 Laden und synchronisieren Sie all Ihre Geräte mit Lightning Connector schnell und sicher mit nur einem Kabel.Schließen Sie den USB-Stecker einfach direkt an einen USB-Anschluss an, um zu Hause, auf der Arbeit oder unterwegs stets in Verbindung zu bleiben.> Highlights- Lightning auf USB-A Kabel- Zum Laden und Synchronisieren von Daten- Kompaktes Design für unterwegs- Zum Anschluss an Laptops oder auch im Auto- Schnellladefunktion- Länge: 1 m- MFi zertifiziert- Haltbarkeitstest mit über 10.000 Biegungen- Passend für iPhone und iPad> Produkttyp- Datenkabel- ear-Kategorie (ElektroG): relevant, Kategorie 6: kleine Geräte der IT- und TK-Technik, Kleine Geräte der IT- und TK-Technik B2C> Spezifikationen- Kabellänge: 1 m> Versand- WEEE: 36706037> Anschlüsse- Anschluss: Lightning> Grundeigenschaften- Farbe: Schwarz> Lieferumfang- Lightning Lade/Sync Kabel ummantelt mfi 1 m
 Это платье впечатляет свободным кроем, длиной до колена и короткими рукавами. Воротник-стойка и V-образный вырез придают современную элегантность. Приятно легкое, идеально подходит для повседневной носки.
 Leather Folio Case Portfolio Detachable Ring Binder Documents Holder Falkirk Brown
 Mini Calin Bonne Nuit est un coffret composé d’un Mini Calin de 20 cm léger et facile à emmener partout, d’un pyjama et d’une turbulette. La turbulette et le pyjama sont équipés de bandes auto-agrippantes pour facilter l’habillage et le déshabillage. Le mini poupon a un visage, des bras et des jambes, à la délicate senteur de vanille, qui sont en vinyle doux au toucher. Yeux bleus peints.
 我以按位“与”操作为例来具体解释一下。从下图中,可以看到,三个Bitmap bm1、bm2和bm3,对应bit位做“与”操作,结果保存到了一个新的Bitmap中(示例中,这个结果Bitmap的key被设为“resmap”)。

▶ Work item:
None of the records may be left out; each is to be restated exactly.

▶ Task response:
 Laden und synchronisieren Sie all Ihre Geräte mit Lightning Connector schnell und sicher mit nur einem Kabel.Schließen Sie den USB-Stecker einfach direkt an einen USB-Anschluss an, um zu Hause, auf der Arbeit oder unterwegs stets in Verbindung zu bleiben.> Highlights- Lightning auf USB-A Kabel- Zum Laden und Synchronisieren von Daten- Kompaktes Design für unterwegs- Zum Anschluss an Laptops oder auch im Auto- Schnellladefunktion- Länge: 1 m- MFi zertifiziert- Haltbarkeitstest mit über 10.000 Biegungen- Passend für iPhone und iPad> Produkttyp- Datenkabel- ear-Kategorie (ElektroG): relevant, Kategorie 6: kleine Geräte der IT- und TK-Technik, Kleine Geräte der IT- und TK-Technik B2C> Spezifikationen- Kabellänge: 1 m> Versand- WEEE: 36706037> Anschlüsse- Anschluss: Lightning> Grundeigenschaften- Farbe: Schwarz> Lieferumfang- Lightning Lade/Sync Kabel ummantelt mfi 1 m
 Это платье впечатляет свободным кроем, длиной до колена и короткими рукавами. Воротник-стойка и V-образный вырез придают современную элегантность. Приятно легкое, идеально подходит для повседневной носки.
 Leather Folio Case Portfolio Detachable Ring Binder Documents Holder Falkirk Brown
 Mini Calin Bonne Nuit est un coffret composé d’un Mini Calin de 20 cm léger et facile à emmener partout, d’un pyjama et d’une turbulette. La turbulette et le pyjama sont équipés de bandes auto-agrippantes pour facilter l’habillage et le déshabillage. Le mini poupon a un visage, des bras et des jambes, à la délicate senteur de vanille, qui sont en vinyle doux au toucher. Yeux bleus peints.
 我以按位“与”操作为例来具体解释一下。从下图中,可以看到,三个Bitmap bm1、bm2和bm3,对应bit位做“与”操作,结果保存到了一个新的Bitmap中(示例中,这个结果Bitmap的key被设为“resmap”)。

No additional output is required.